[THE DATA]
┏━━
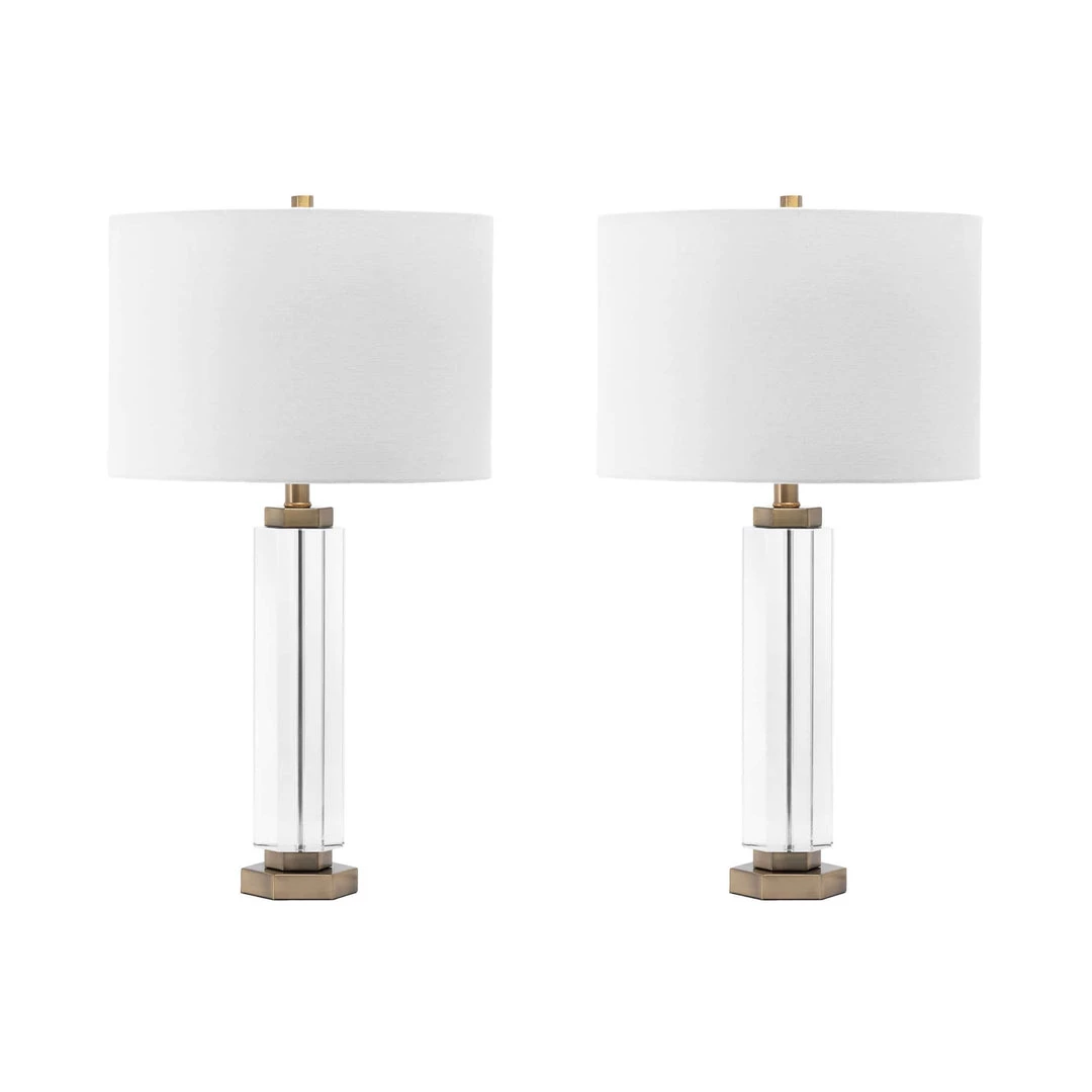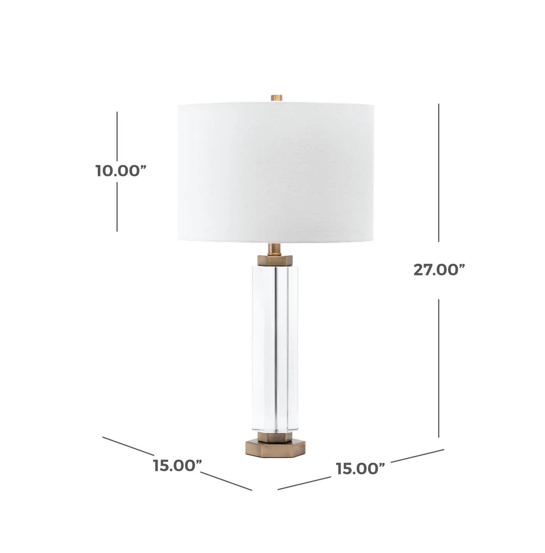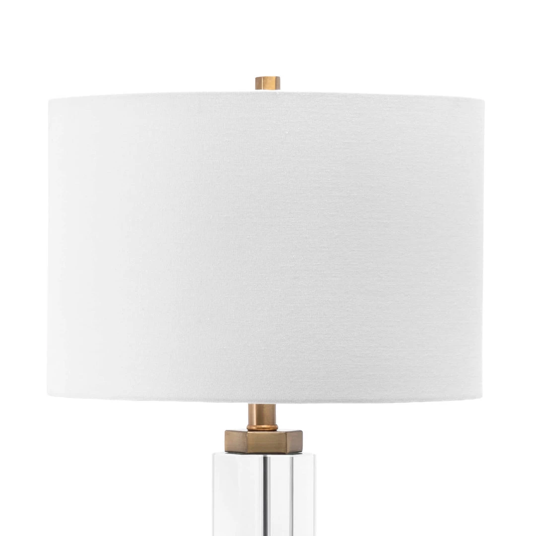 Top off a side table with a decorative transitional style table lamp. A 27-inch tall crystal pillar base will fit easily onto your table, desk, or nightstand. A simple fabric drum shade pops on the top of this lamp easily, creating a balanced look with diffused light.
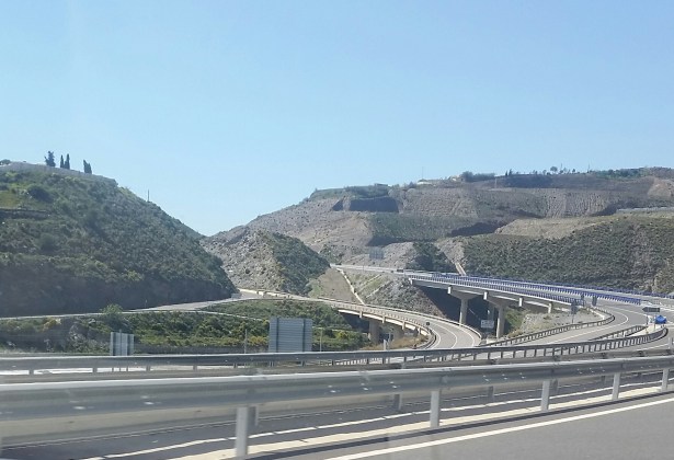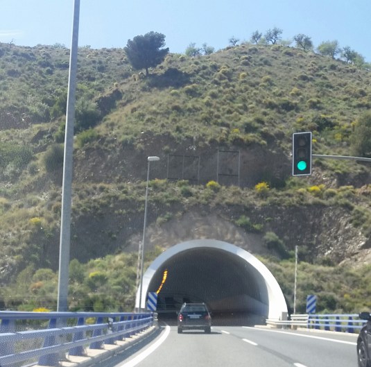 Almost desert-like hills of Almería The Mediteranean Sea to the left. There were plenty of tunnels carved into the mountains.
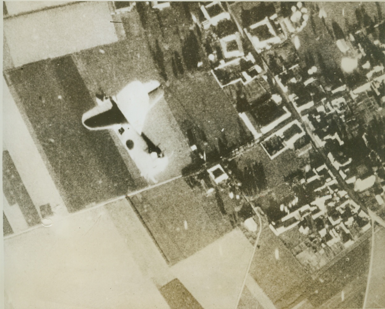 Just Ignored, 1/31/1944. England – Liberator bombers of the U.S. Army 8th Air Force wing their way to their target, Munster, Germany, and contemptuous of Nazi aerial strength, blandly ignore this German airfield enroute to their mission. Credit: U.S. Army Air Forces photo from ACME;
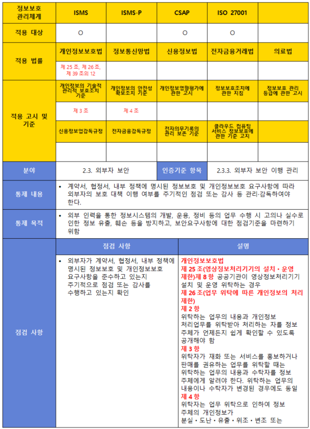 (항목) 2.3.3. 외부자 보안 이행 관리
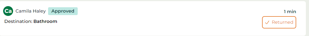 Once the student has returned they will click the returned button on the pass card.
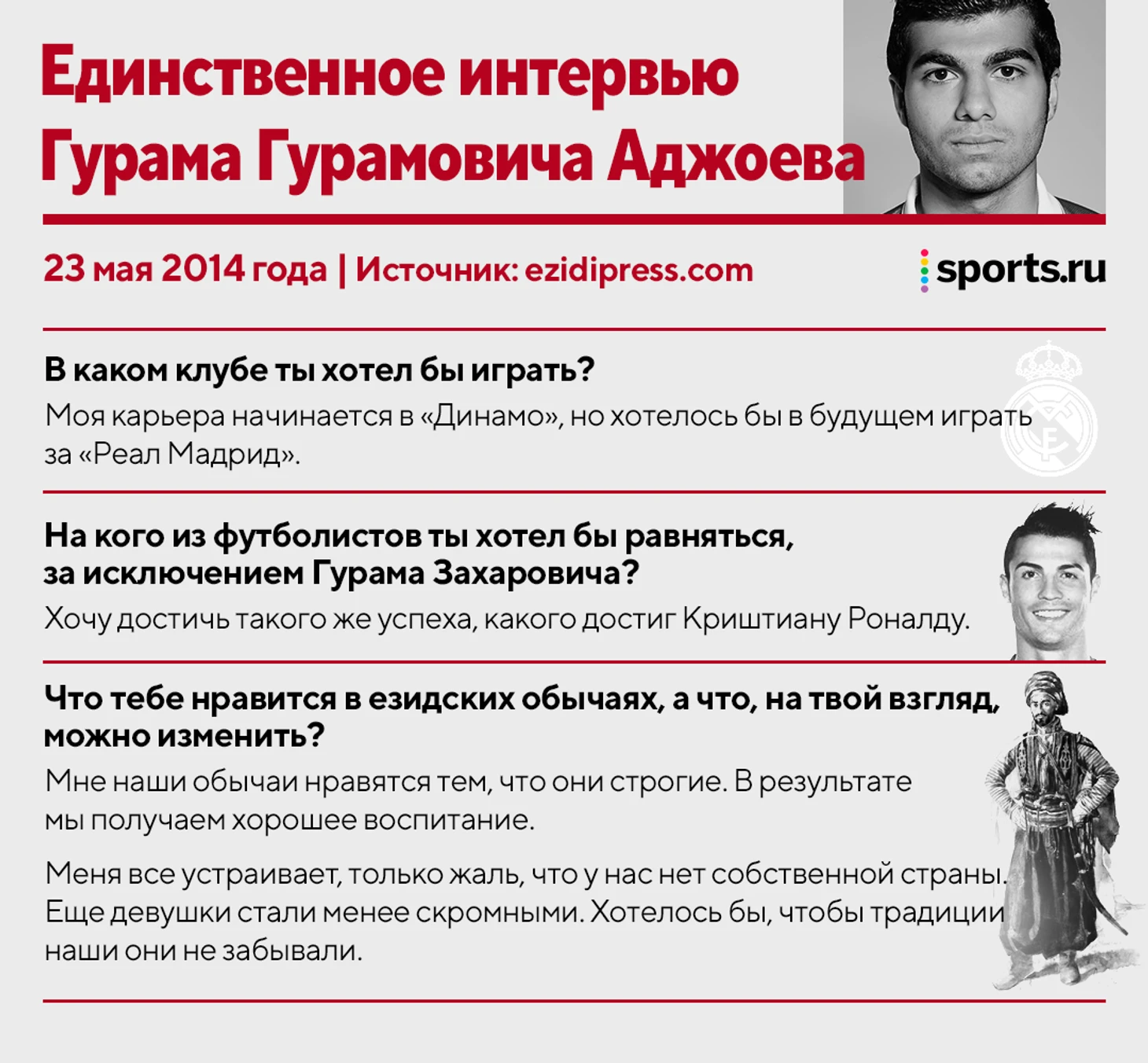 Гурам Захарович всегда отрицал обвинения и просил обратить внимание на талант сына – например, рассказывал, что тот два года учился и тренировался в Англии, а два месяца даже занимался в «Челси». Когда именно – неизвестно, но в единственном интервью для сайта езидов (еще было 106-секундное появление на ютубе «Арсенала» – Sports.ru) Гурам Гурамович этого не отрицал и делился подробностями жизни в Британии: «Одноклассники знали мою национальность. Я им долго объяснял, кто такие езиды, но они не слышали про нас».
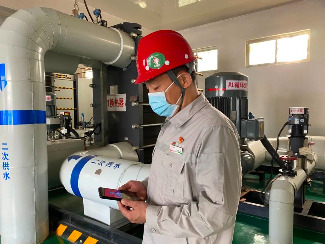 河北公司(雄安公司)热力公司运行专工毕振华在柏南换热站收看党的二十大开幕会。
┗━━
┏━━
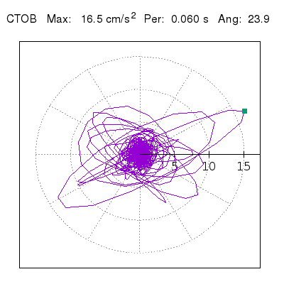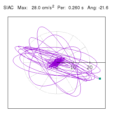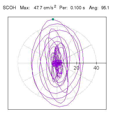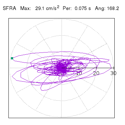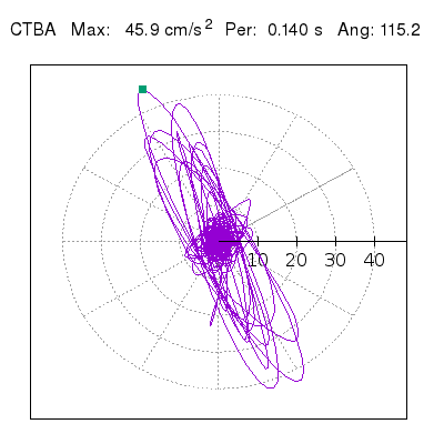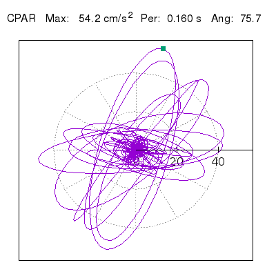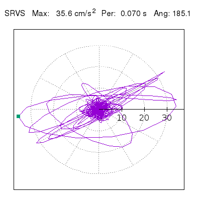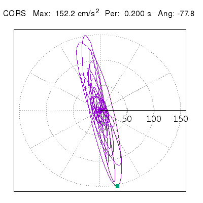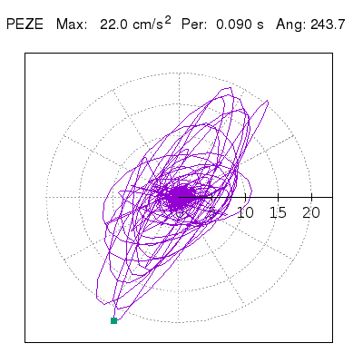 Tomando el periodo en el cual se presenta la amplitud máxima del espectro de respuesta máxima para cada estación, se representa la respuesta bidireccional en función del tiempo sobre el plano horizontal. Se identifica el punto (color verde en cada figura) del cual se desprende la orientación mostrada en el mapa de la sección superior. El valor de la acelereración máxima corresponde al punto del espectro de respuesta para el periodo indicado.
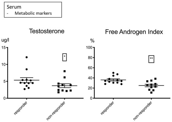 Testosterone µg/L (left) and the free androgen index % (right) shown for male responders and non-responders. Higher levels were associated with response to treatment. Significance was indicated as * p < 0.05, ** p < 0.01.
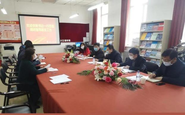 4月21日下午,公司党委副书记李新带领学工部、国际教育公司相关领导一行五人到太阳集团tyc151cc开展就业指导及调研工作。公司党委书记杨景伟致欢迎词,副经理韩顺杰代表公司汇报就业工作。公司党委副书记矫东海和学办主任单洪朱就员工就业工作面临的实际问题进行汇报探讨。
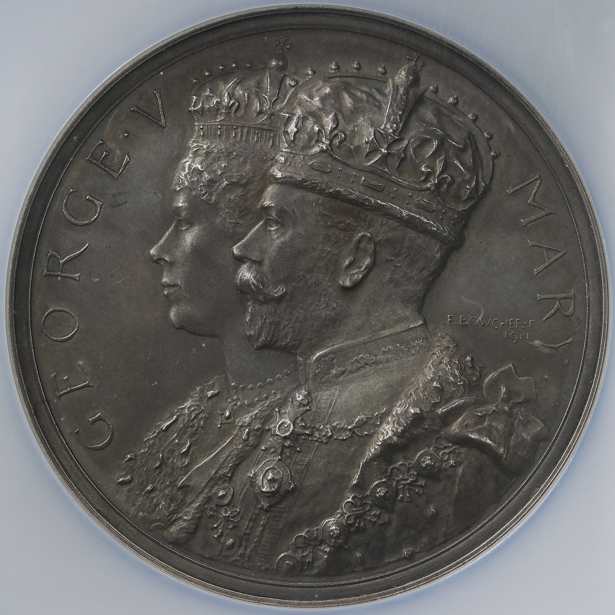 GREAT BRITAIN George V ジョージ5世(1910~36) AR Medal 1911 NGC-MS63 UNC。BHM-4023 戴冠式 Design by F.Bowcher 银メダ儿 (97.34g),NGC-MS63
┗━━
┏━━
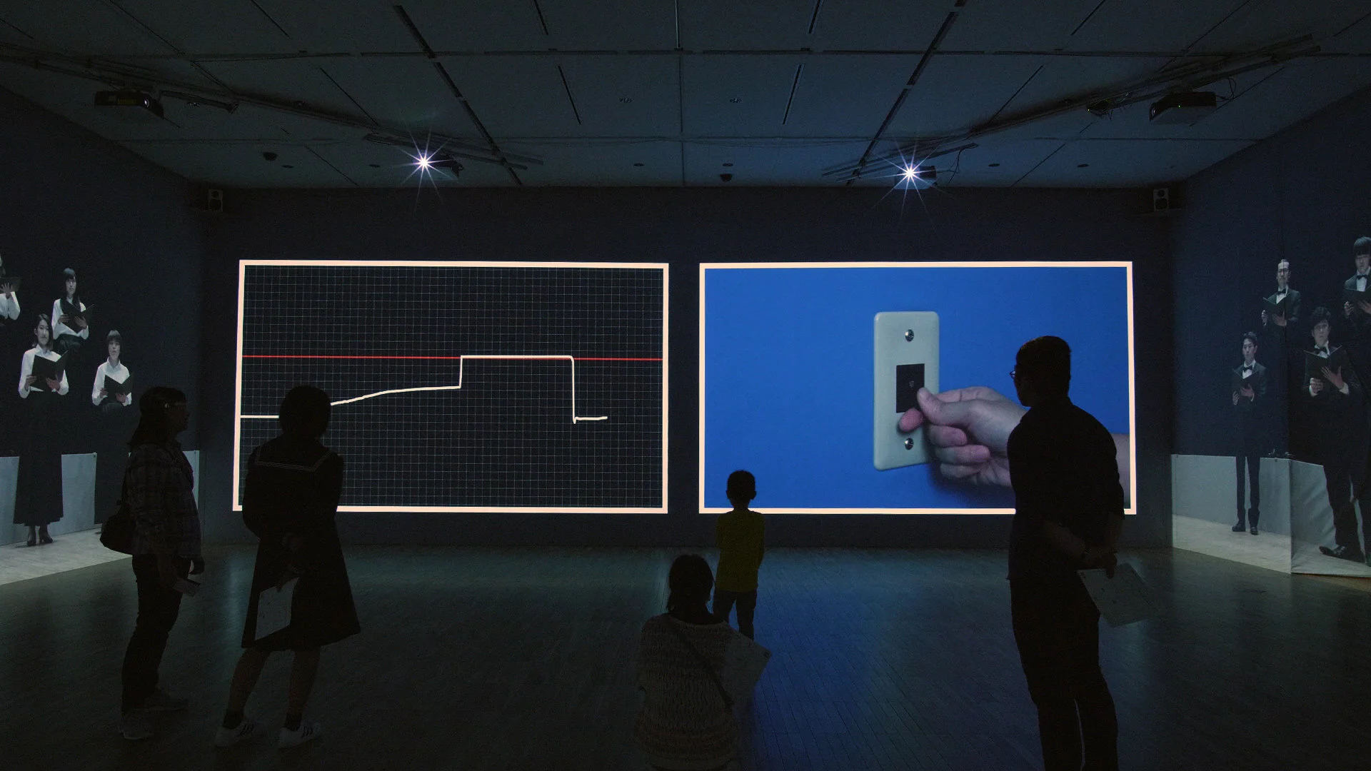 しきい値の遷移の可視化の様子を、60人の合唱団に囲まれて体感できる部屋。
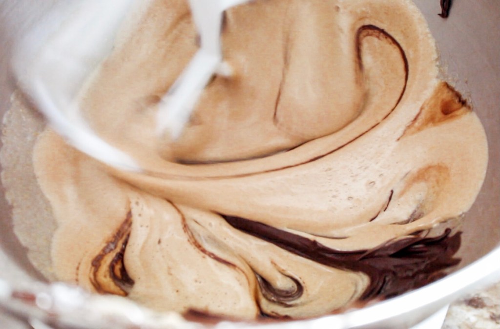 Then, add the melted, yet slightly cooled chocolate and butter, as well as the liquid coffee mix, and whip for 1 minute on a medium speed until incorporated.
┗━━
Only the lines starting at the one that includes "Tomando el periodo" and ending at the one that includes "GREAT BRITAIN George" should be retyped, exactly, from the records above; no pictures.

 Tomando el periodo en el cual se presenta la amplitud máxima del espectro de respuesta máxima para cada estación, se representa la respuesta bidireccional en función del tiempo sobre el plano horizontal. Se identifica el punto (color verde en cada figura) del cual se desprende la orientación mostrada en el mapa de la sección superior. El valor de la acelereración máxima corresponde al punto del espectro de respuesta para el periodo indicado.
 Testosterone µg/L (left) and the free androgen index % (right) shown for male responders and non-responders. Higher levels were associated with response to treatment. Significance was indicated as * p < 0.05, ** p < 0.01.
 4月21日下午,公司党委副书记李新带领学工部、国际教育公司相关领导一行五人到太阳集团tyc151cc开展就业指导及调研工作。公司党委书记杨景伟致欢迎词,副经理韩顺杰代表公司汇报就业工作。公司党委副书记矫东海和学办主任单洪朱就员工就业工作面临的实际问题进行汇报探讨。
 GREAT BRITAIN George V ジョージ5世(1910~36) AR Medal 1911 NGC-MS63 UNC。BHM-4023 戴冠式 Design by F.Bowcher 银メダ儿 (97.34g),NGC-MS63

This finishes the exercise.